Since then, a podcast of the story has been released—you can hear it here.
It’s worth mentioning that, David Steffen deemed Boyoung’s story the #4 best of Clarkesworld’s story podcast episodes (out of a total of fifteen best) in his review of Clarkesworld’s podcast.
In addition, the story has been reviewed a few other times since it was published, and very positively too!
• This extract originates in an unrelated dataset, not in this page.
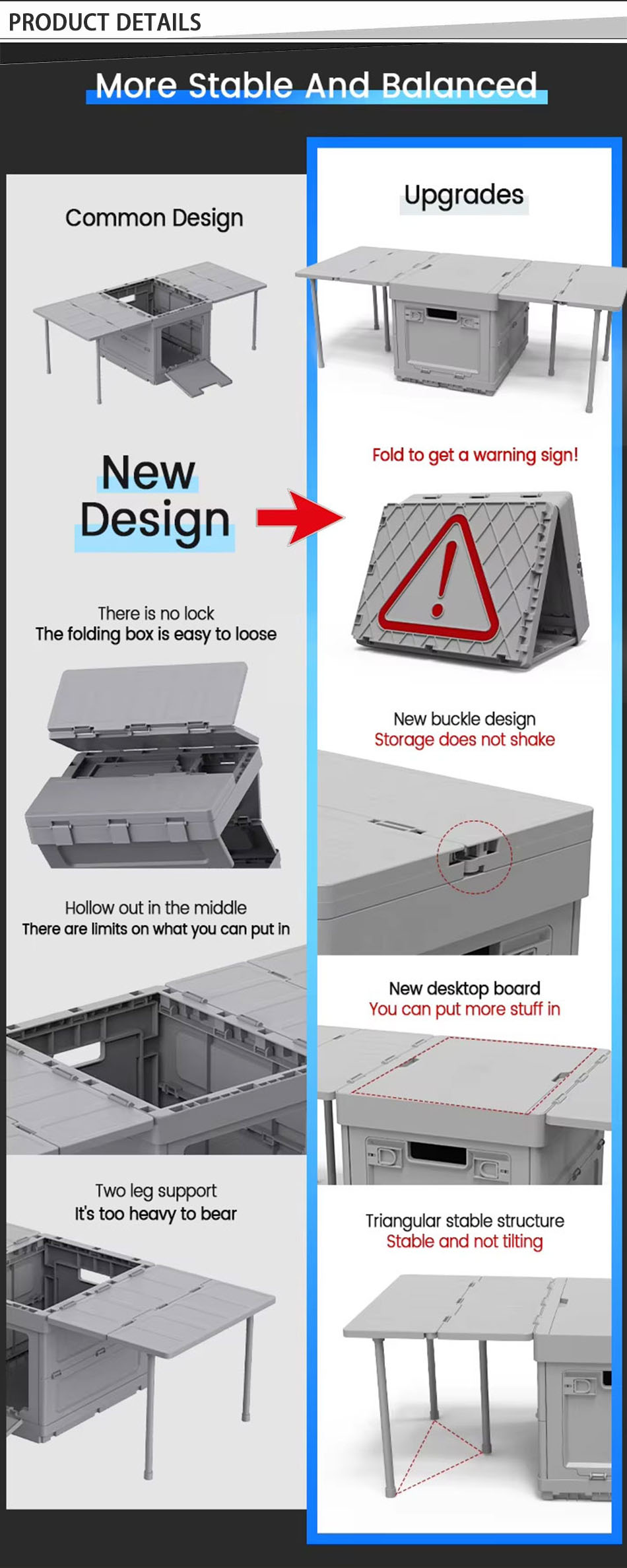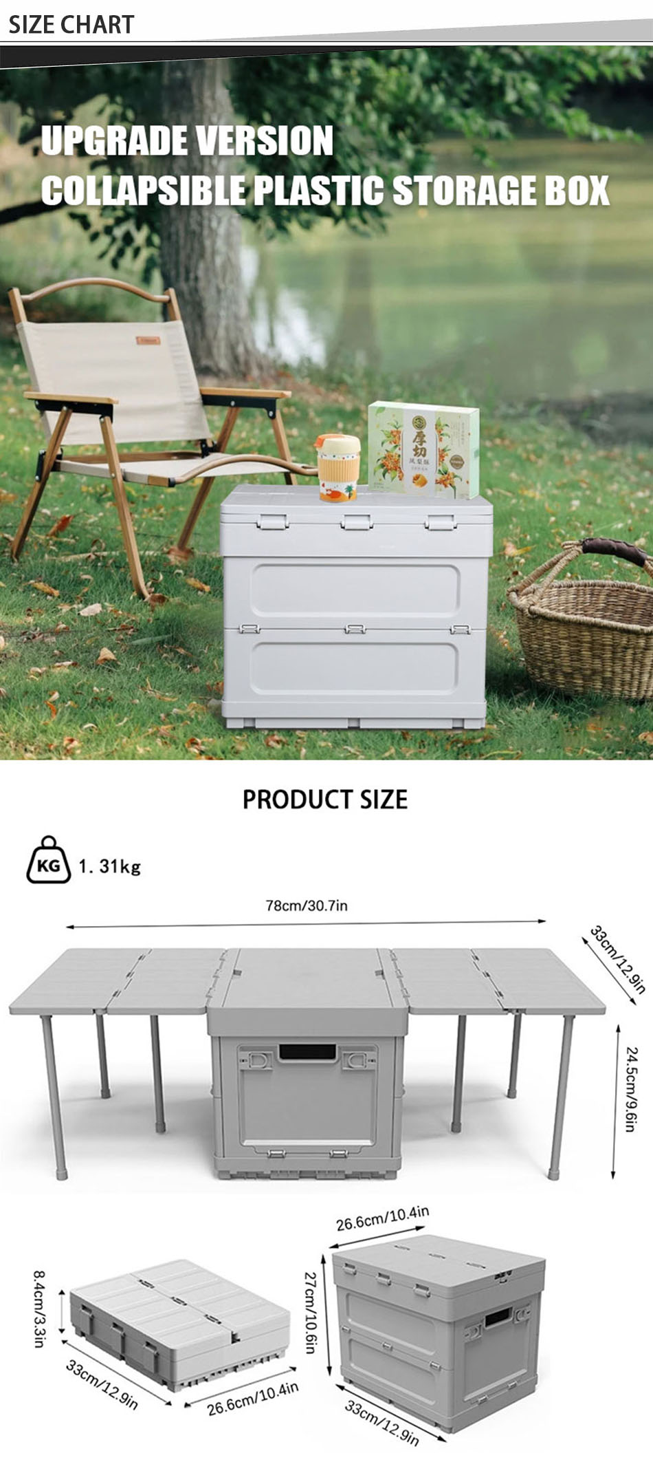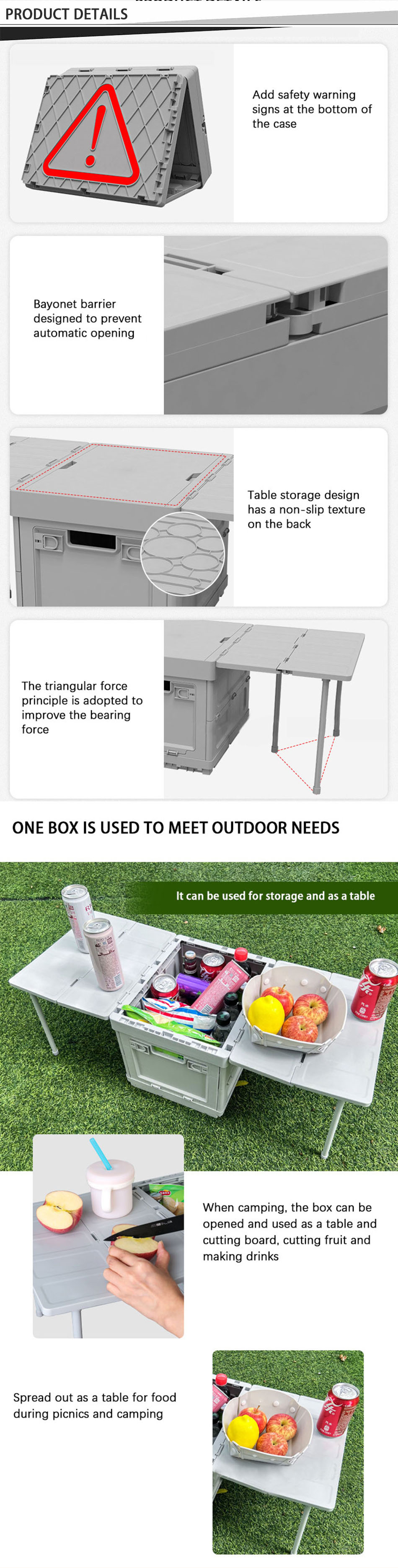 제품 : 이 야외 다기능 사이드 오프닝 플라스틱 보관함은 접을 수있는 수분 방지 설계를 통해 캠핑, 여행 및 다양한 야외 활동을위한 내구성 있고 편리한 보관을 제공합니다.

It was one of Lois Tilton’s recommended stories for the month. In her reviews column in Locus, she explains:
My favorite piece in the issue. I like the weirdly fanciful nature of this transformative story, even when the narrator gets a bit talky and moral. Metamorphosis is a central theme in folklore and myth, but the narrator here attempts a general theory to explain it, and that’s a neat fantastic thing. The piece opens epigraphically with reports of portents regarded as having significance. This, too, is a universal theme: the birth of two-headed calves or turtles with the face of Jesus on their shells have always attracted popular attention as having some great meaning or predicting some great event. I also note that the term “monster” comes from the verb “to show”, a thing made manifest. But the monster himself may have more personal motives, such as the narrator here, who wishes only to fly away.
Over at SFRevu, Sam Tomaino writes briefly but positively:
Fine, mythic fantasy, with a bit of modern science sprinkled in.
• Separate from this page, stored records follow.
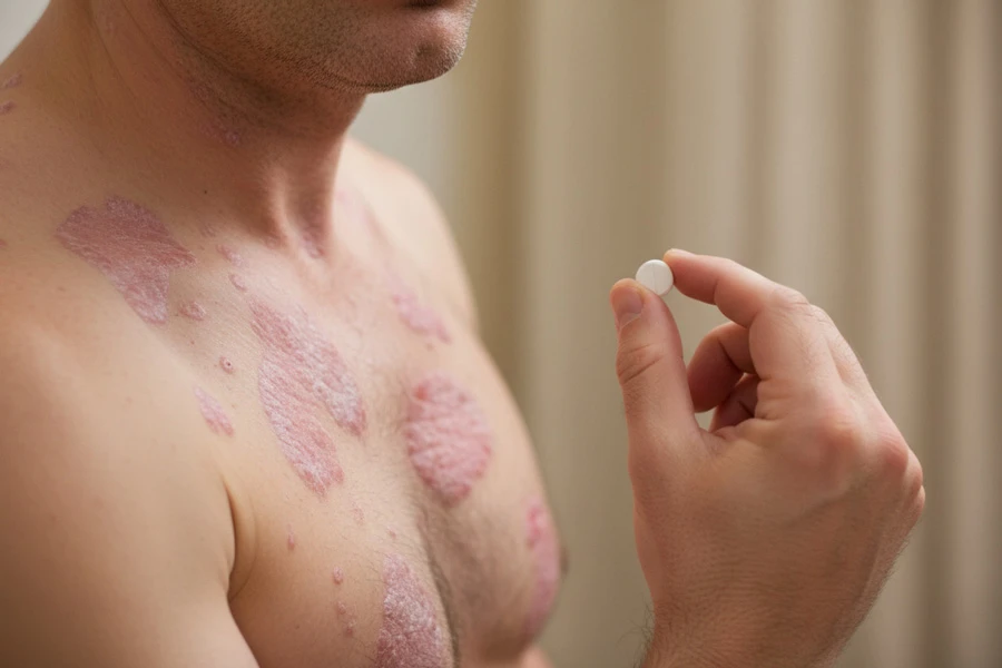 Выраженные улучшения врачи отметили уже на 4-й неделе терапии, они продолжали нарастать до 24-й недели. Исследования также подтвердили все 44 второстепенные конечные точки, в том числе PASI 90, PASI 100 и sPGA 0 по сравнению с плацебо и апремиластом.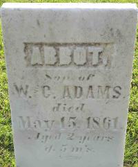 FindaGrave: Name: Abbot Adams; BIRTH: unknown; DEATH: 15 May 1861; BURIAL: Carman Cemetery, Carman, Northumberland County, Ontario, Canada; PLOT: Row 7; MEMORIAL ID: 113276109 (https://www.findagrave.com/memorial/113276109/abbot-adams.)1,3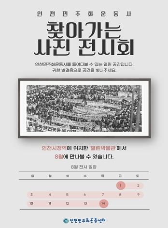 인천광역시 시립박물관은 8월 1일부터 8월 14일까지 인천지하철 1호선 인천시청역 내 ‘열린박물관’에서 대관전시 ‘인천민주화운동사 찾아가는 사진 전시회’를 개최한다고 밝혔다.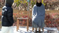 망토와 목도리 두른 '평화의 소녀상'
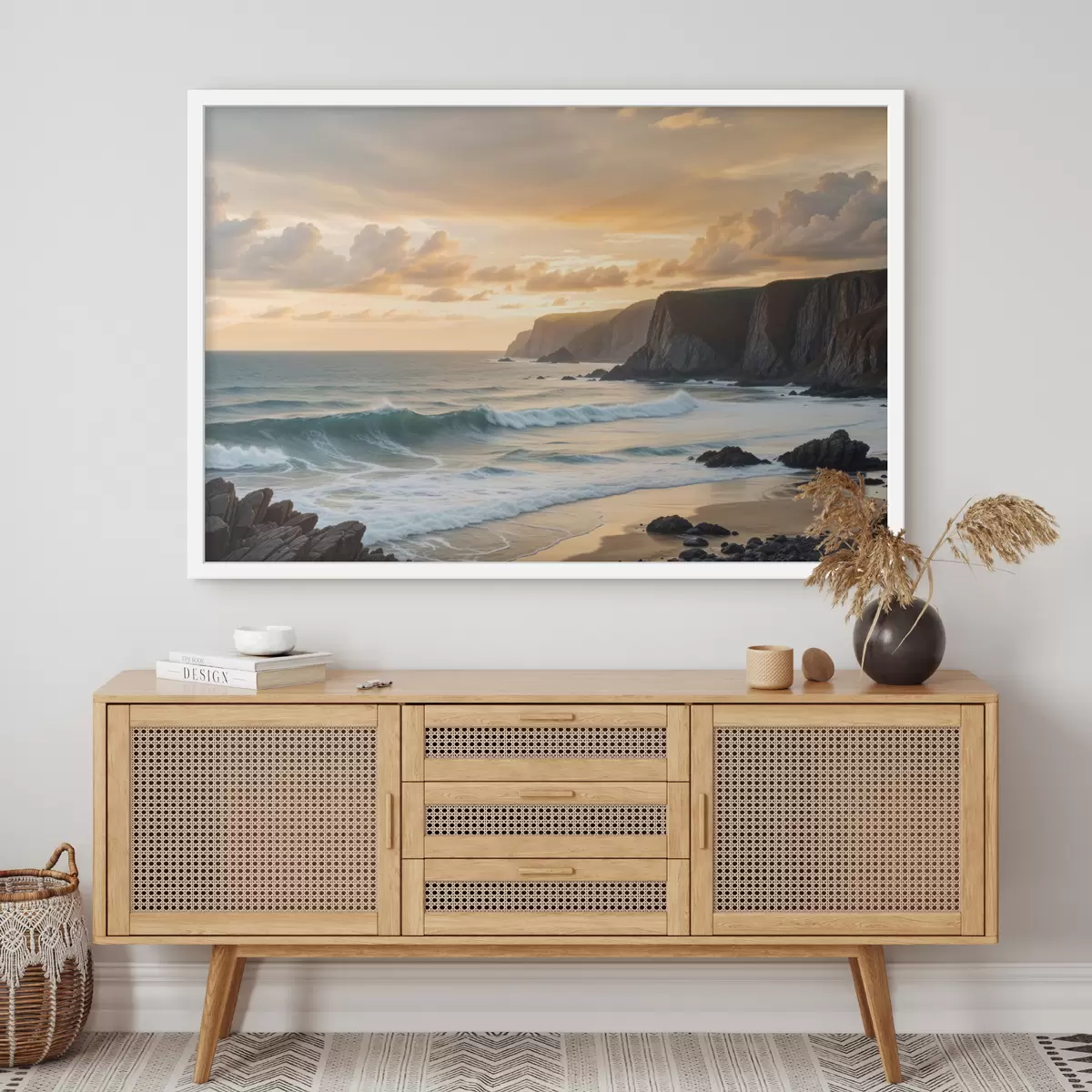 Poster Een schilderachtig kustlandschap met dramatische kliffen, beukende golven en een kleurrijke zonsonderganghemel Nr f40176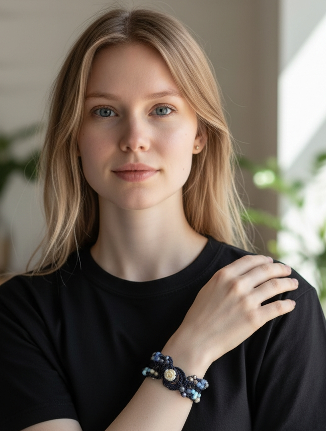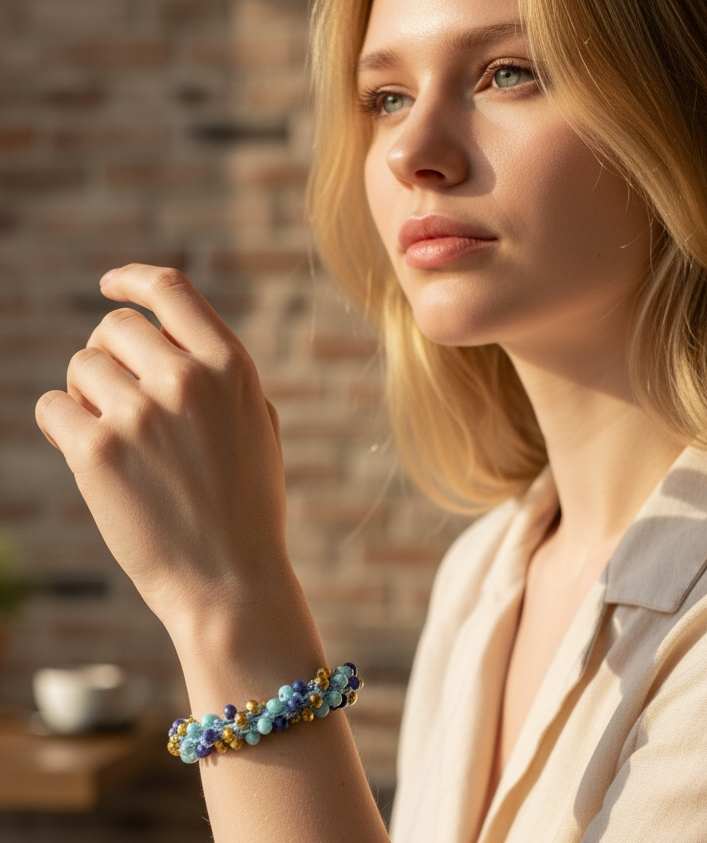 Realizzato con filato metallico rosato e cristalli in panna, bluette e blu, questo bracciale crochet ti farà brillare in ogni occasione.

Charles Payseur on Quick Sips Reviews writes:
I love the fluid nature of humanity in this story, that everything shifts to match perhaps not the conscious desires a person has but rather to suit their nature, to match their inward selves… It’s an uplifting story, not exactly happy because of all the death but still with that core of hope. A story about transformations and evolution on a very micro level, the tale is filled with interesting ideas and memorable images. A nice way to close out the original fiction.
Those are the reviews I was able to find, anyway. If you know of others, please let me know in the comments! Congratulations to Boyoung Kim, whose story deserves all the nice things people are saying about it.
As for us, we’re hard at work on our next translation… among other things! More soon!